[WORK ORDER] Omit every picture, then return the listing verbatim.

[SOURCE MATERIAL]
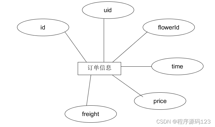 图2-7鲜花信息E-R图 (6)订单信息E-R图,如图2-8所示:
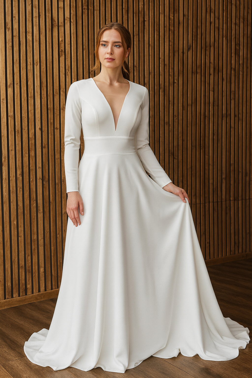 Maiah - Modest Crepe Long Sleeve Bridal Gown
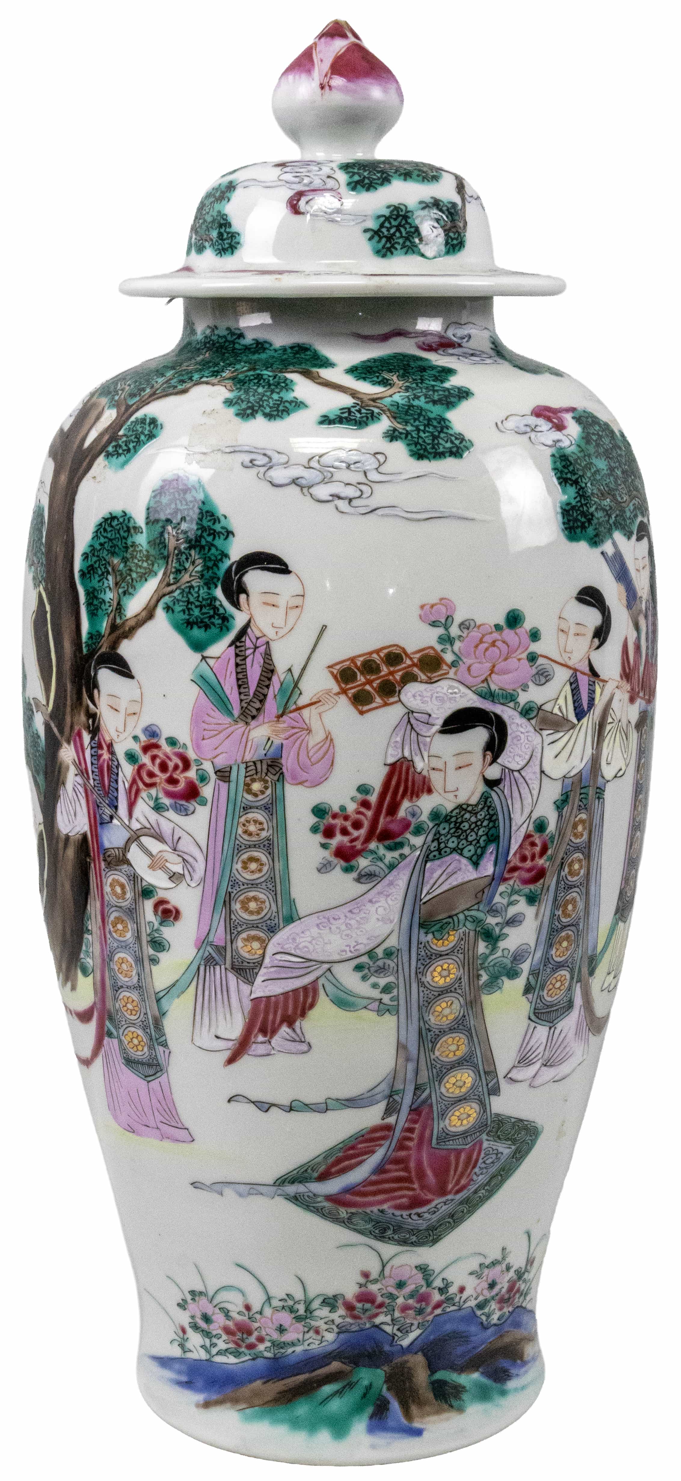 05.20 Vas ornamental cu capac, porțelan pictat cu email (manieră Family Rose), marcat, H 51cm, China, jum.sec.XX

[SOLUTION FOR THIS TASK]
 图2-7鲜花信息E-R图 (6)订单信息E-R图,如图2-8所示:
 Maiah - Modest Crepe Long Sleeve Bridal Gown
 05.20 Vas ornamental cu capac, porțelan pictat cu email (manieră Family Rose), marcat, H 51cm, China, jum.sec.XX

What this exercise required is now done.